__EXTRACTED INFORMATION__
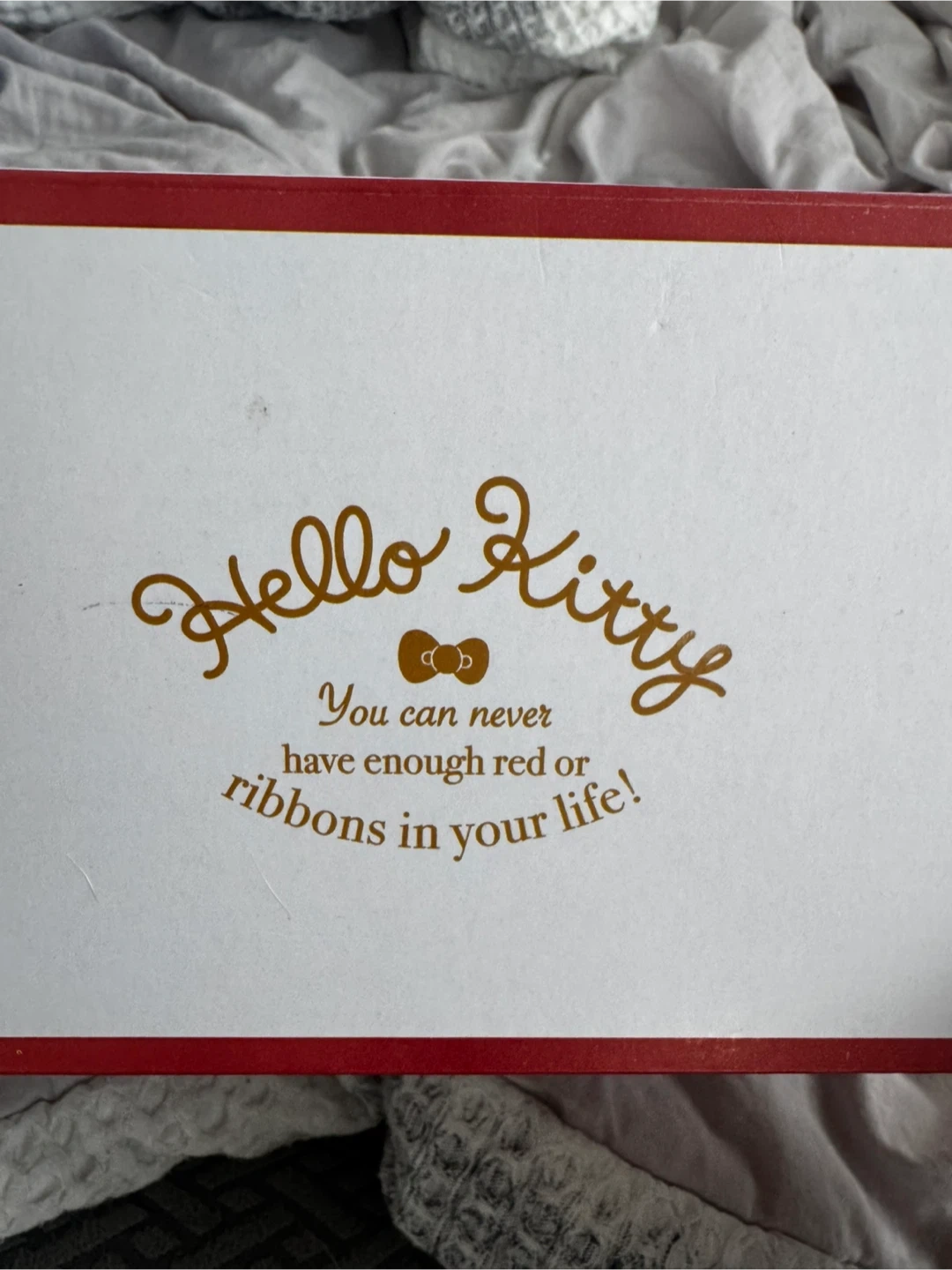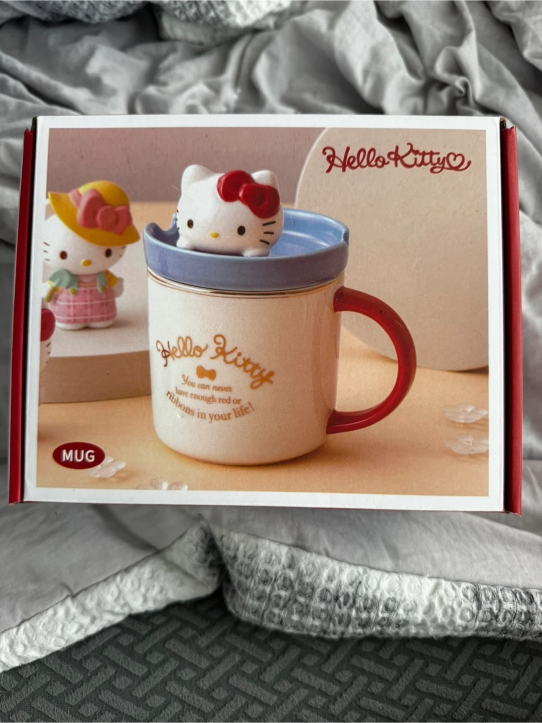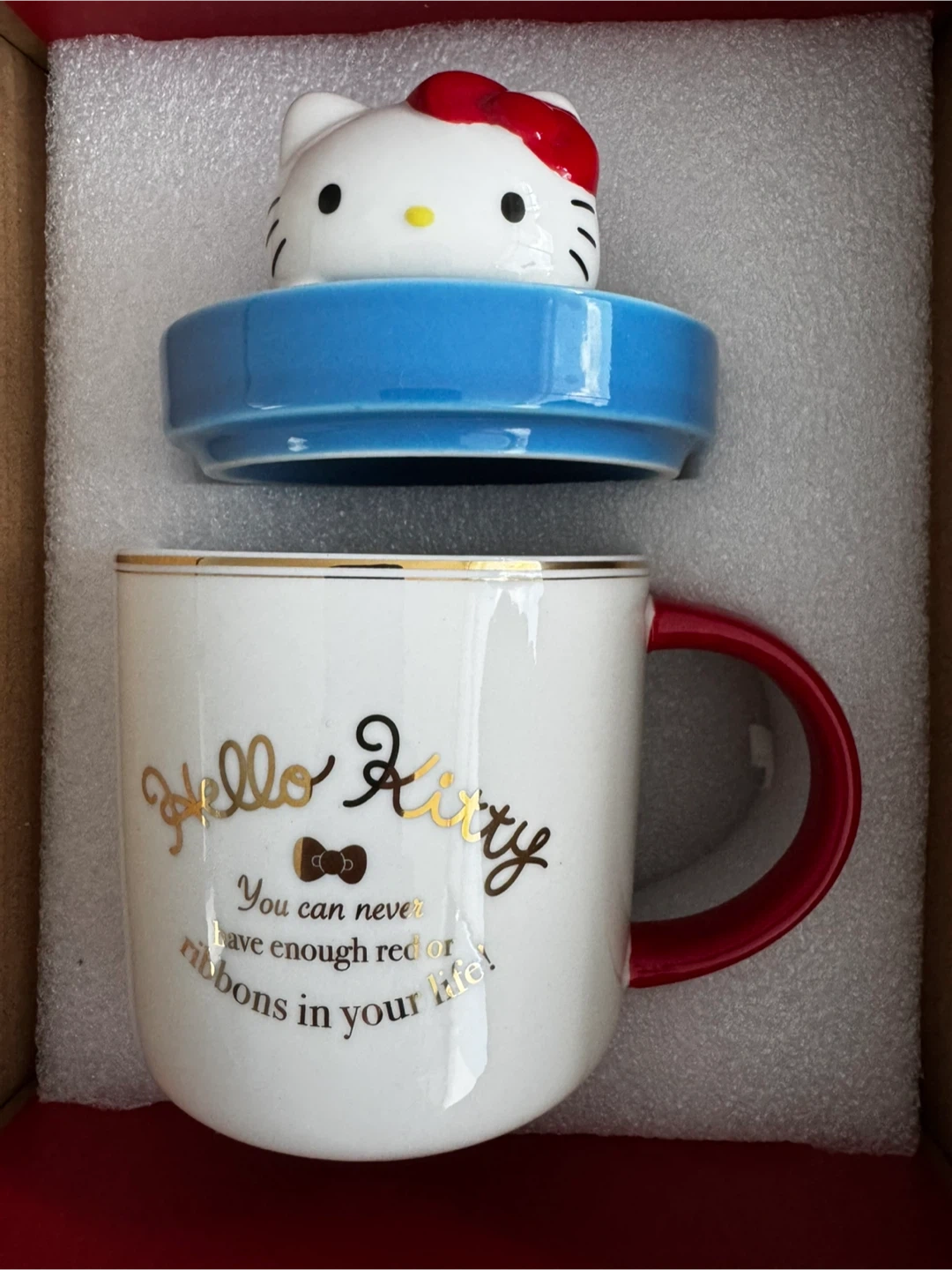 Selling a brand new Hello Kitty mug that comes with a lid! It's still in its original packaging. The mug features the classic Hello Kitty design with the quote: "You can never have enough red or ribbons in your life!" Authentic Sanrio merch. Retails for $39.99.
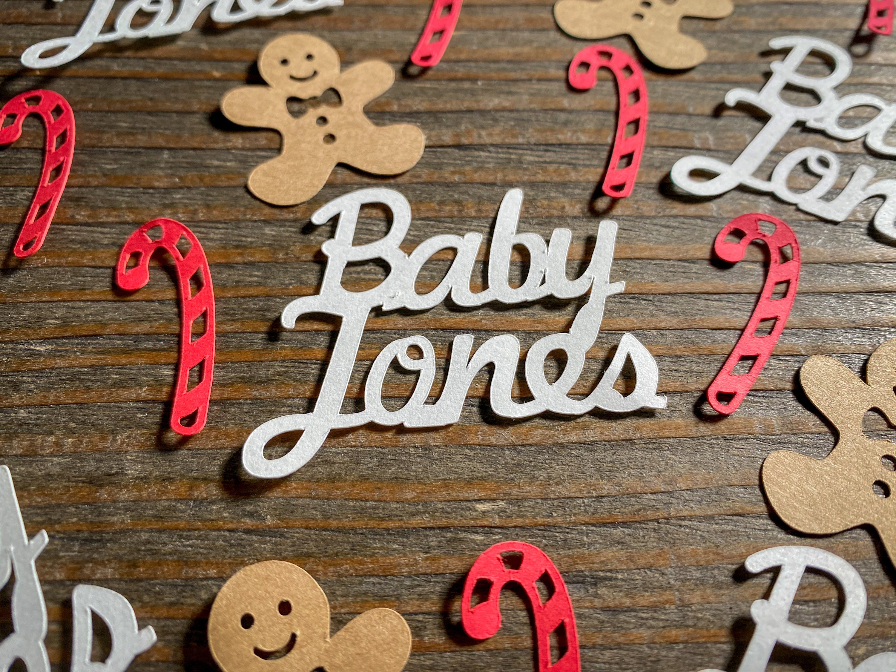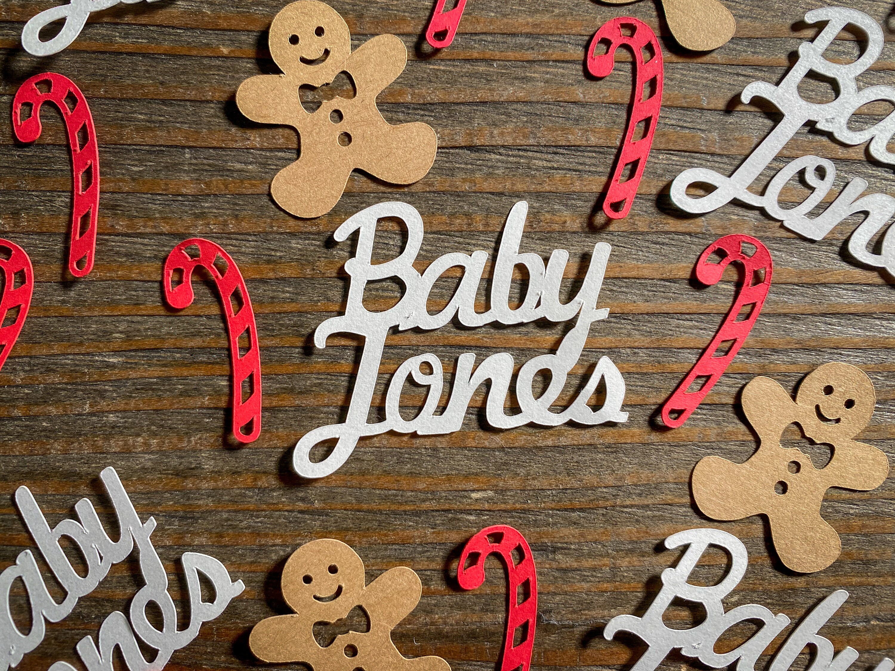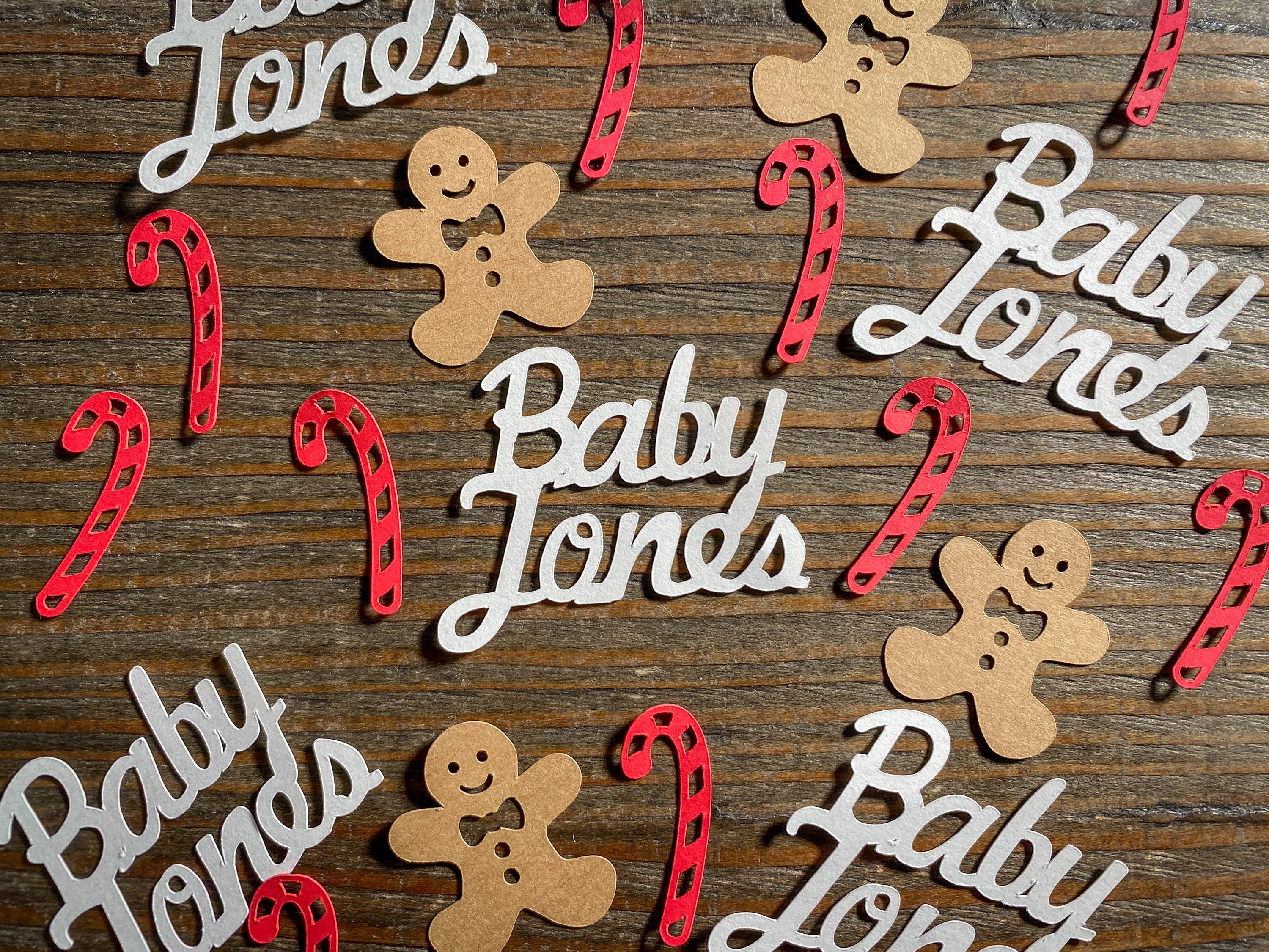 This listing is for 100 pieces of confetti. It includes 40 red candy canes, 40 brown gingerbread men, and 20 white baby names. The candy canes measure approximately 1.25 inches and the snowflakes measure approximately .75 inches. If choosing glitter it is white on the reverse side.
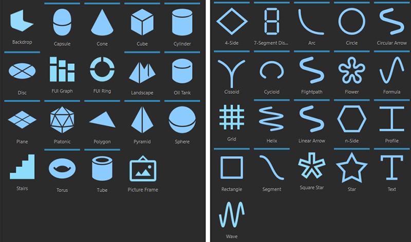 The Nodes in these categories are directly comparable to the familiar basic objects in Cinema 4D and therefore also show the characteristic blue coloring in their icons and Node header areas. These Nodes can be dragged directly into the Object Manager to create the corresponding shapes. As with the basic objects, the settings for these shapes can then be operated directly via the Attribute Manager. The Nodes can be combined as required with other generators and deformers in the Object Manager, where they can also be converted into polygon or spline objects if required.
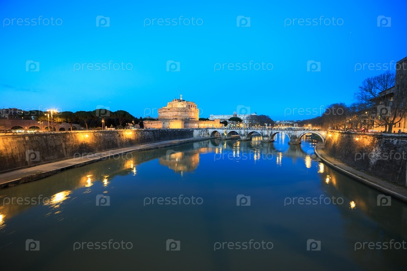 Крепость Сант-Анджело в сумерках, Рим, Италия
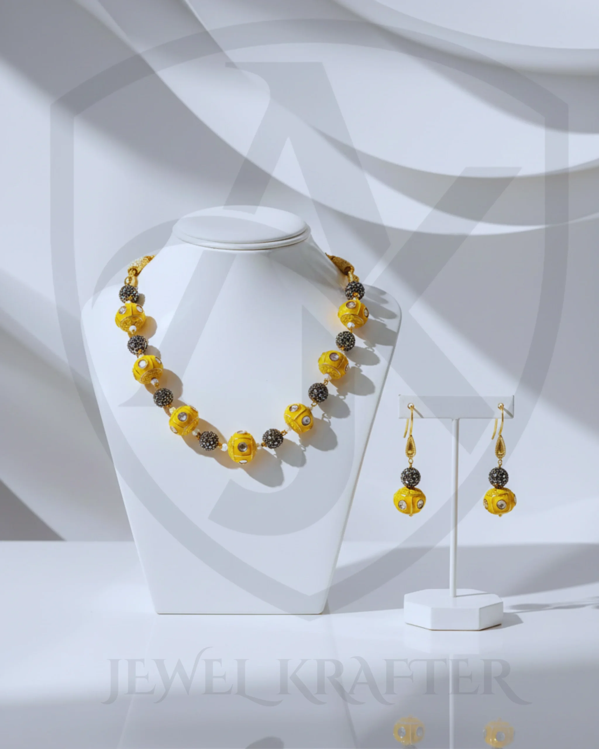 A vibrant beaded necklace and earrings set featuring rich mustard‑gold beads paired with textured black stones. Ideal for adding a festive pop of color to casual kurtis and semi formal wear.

__WHAT TO DO__
With all pictures removed, reproduce the lines from the top of the entries above through the line containing "This listing is", exactly as written.

__RESPONSE TO THE EXERCISE__
 Selling a brand new Hello Kitty mug that comes with a lid! It's still in its original packaging. The mug features the classic Hello Kitty design with the quote: "You can never have enough red or ribbons in your life!" Authentic Sanrio merch. Retails for $39.99.
 This listing is for 100 pieces of confetti. It includes 40 red candy canes, 40 brown gingerbread men, and 20 white baby names. The candy canes measure approximately 1.25 inches and the snowflakes measure approximately .75 inches. If choosing glitter it is white on the reverse side.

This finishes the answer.